High ISO + wide open aperture = more stars


----------



## LCARSx32 (Sep 1, 2011)

Sorry, I didn't make that more obvious...  I shoot long exposures at ISO100-400.  I was just saying that my 300D is noisy at low ISO, long exposures AND high ISO, short exposures.  So if the XSi is lower noise at high ISO, I'm assuming it would be lower noise at low ISO, long exposures.

I'd like to know if that assumption is correct.


----------



## KmH (Sep 2, 2011)

Any digital camera is noisy if there is little light, because of the way digital photographs work.

The pixels that record the low light levels have little signal to offset the shot and thermal noise the image sensor generates. in othe words those pixels have a low SNR - Signal-To-Noise-Ratio.

Fully 1/2 of the luminance data a digital image has, is contained in the brightest stop of exposure. Each dimmer stop of exposure has only 1/2 of the luminance data left by the previous brighter stop of exposure.

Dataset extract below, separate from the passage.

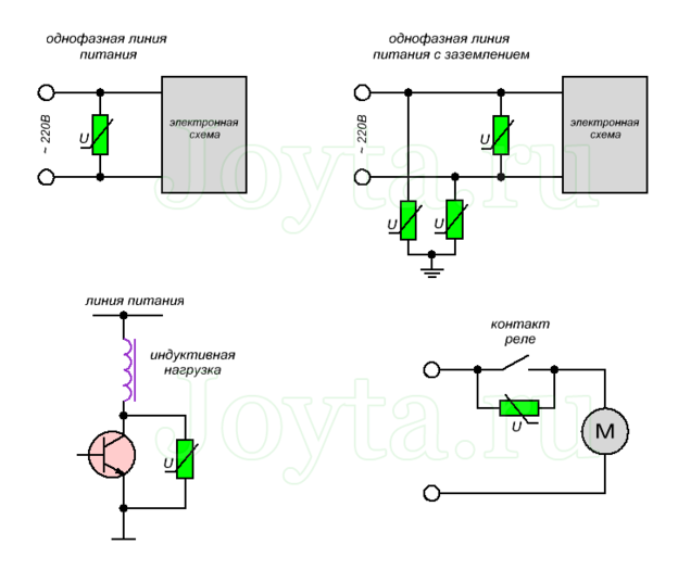 Максимальное значение тока (пиковый ток) на которое должен быть рассчитан варистор, определяется длительностью и количеством повторений всплесков напряжения. Если варистор установлен с малым пиковым током, то это может привести к его перегреву и выходу из строя. Таким образом, для безотказной работы, варистор должен быстро рассеивать поглощенную им энергию переходного импульса и безопасно возвращаться в исходное состояние. Схемы подключения варистора приведены на рисунке 4.6.

For example, suppose your image sensor can record 6 stops of exposure, and the brightest stop has a value of 4096. By the above progression the darkest stop of exposure has a value of 64.

4096 - 2048 - 1024 - 512 - 256 - 128 - 64.

Using the lowest native ISO heats up the image sensor less during long exposures than using a higher ISO that makes the signal amplifiers work harder and get hotter.

By the same token, CMOS image sensor heat up less than CCD image sensors do, because CMOS uses less power, which generates less heat.

Many DSLR cameas offer a long exposure noise reduction feature, but if you take a 600 second exposure, the Long exposure NR takes an additional 600 seconds after the exposure is stopped.


----------



## LCARSx32 (Sep 2, 2011)

Hey KmH,

Thanks for the info.  Do you know if the XSi handles this better than a 300D?   Will I notice a difference?  I guess I'll find out tomorrow night when it gets here


----------